AWS Cloud Operations Blog

Monitor Private VPC Endpoint Health in Hybrid DNS Environments Using CloudWatch Synthetics

We start by paying homage to the Amazon CloudWatch Synthetics canary naming convention, which nods to the original use of canaries to detect carbon monoxide in coal mines. The bird’s small size, high metabolism, and intensified breathing led to their early demise when exposed to the poisonous gas, thereby allowing miners to take corrective action before succumbing themselves. Aptly named, CloudWatch Synthetics canaries now let us detect customer experience and security challenges before our customers are directly impacted.

Canaries are configurable Node.js or Python scripts that let you monitor your REST API, URL, and website content on a recurring schedule, as they trace the same routes and conduct the same actions as your typical end-user. Continuous evaluation of endpoint availability and latency verifies your expected customer experience, either utilizing pre-built canary blueprints or custom scripts you’ve written.

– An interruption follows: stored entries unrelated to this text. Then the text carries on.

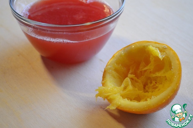 2. С половинки апельсина отжать сок, снять цедру. Арбузный сок смешать с цедрой и апельсиновым соком.
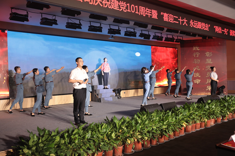歡歌迎盛會,真情頌黨恩。6月28日晚,公司在智慧中心五樓會議室舉辦慶祝建黨101周年暨“喜迎二十大 永遠跟黨走”“兩優一先”表彰頒獎典禮。公司在家領導,受表彰的先進集體代表和先進個人,以及來自各條戰線上的180余名黨員、職工、新入職大學生參加了典禮。
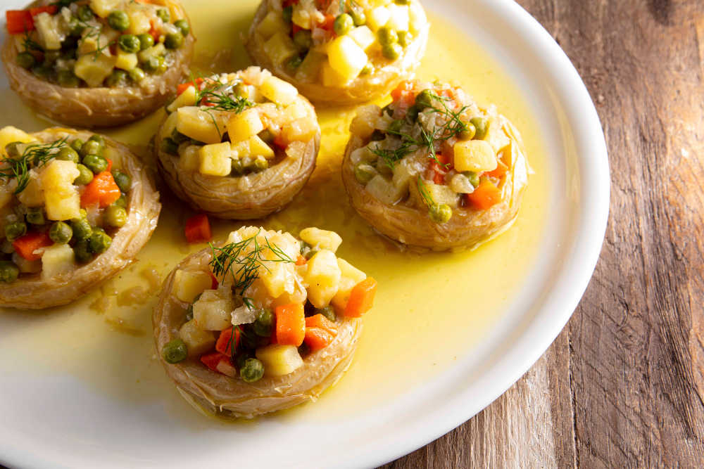 Enginar çanaklarınızın üzerine altta kalan soğanı gezdirin. Ardından hazırladığınız iç harcı üzerlerine pay edin. Portakalınızın suyunu sıkın ve enginarlarınızın üzerine gezdirin. Üzerine biraz zeytinyağı gezdirip tekrar kapağını kapatın ve kısık ateşte enginarlarınız yumuşayana kadar pişirin. Pişen enginarlarınızın üzerine ince kıyılmış dereotu serpiştirerek servis edin.

To further actualize the CloudWatch Synthetics canary value, we will explore a real-world customer use-case, implementation strategy, and adoption outcome. Our spotlight customer supports an internal title search solution allowing analysts to evaluate ownership and claims on a real estate asset before a transaction involving the asset can occur. Their solution leverages a set of underlying microservices exposed via Amazon API Gateway. This requires a method for configuring cross-region disaster recovery (DR) traffic swings based on the health of their private API Gateway Endpoints within a hybrid DNS environment, where their REST APIs can only be accessed from their Amazon Virtual Private Cloud (VPC) using VPC interface endpoints.

Solution Overview

With private Amazon API Gateway Endpoint health as our air quality, and 4XX/5XX status codes as our indicator of dangerous gases, the following solution details out how to create and configure CloudWatch Synthetics canaries in order to monitor VPC Endpoint Health with hybrid DNS enabled between on-prem and AWS.

Private Amazon API Gateway Endpoints with a serverless backend utilize a custom CloudWatch Synthetics canary script to monitor endpoint health in a hybrid DNS environment.

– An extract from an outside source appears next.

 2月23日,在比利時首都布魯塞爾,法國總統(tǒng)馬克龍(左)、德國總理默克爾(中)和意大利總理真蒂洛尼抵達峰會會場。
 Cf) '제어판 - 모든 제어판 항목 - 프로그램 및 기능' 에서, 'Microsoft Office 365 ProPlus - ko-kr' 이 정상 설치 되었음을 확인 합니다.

Figure 1: Architecture Overview of Amazon API Gateway VPC Interface Endpoints in Hybrid DNS Environment.

Customer Use Case

To move from their historically monolithic architecture over to a microservice-based approach, our spotlight customer chose a fully-serverless design utilizing Amazon API Gateway with an AWS Lambda backend. While highly available and scalable, the serverless architecture does not natively consider every aspect of a well thought out DR strategy. In building their serverless infrastructure and standardizing on Amazon API Gateway, we identified four chief metrics requiring monitoring to ensure optimal and resilient API performance.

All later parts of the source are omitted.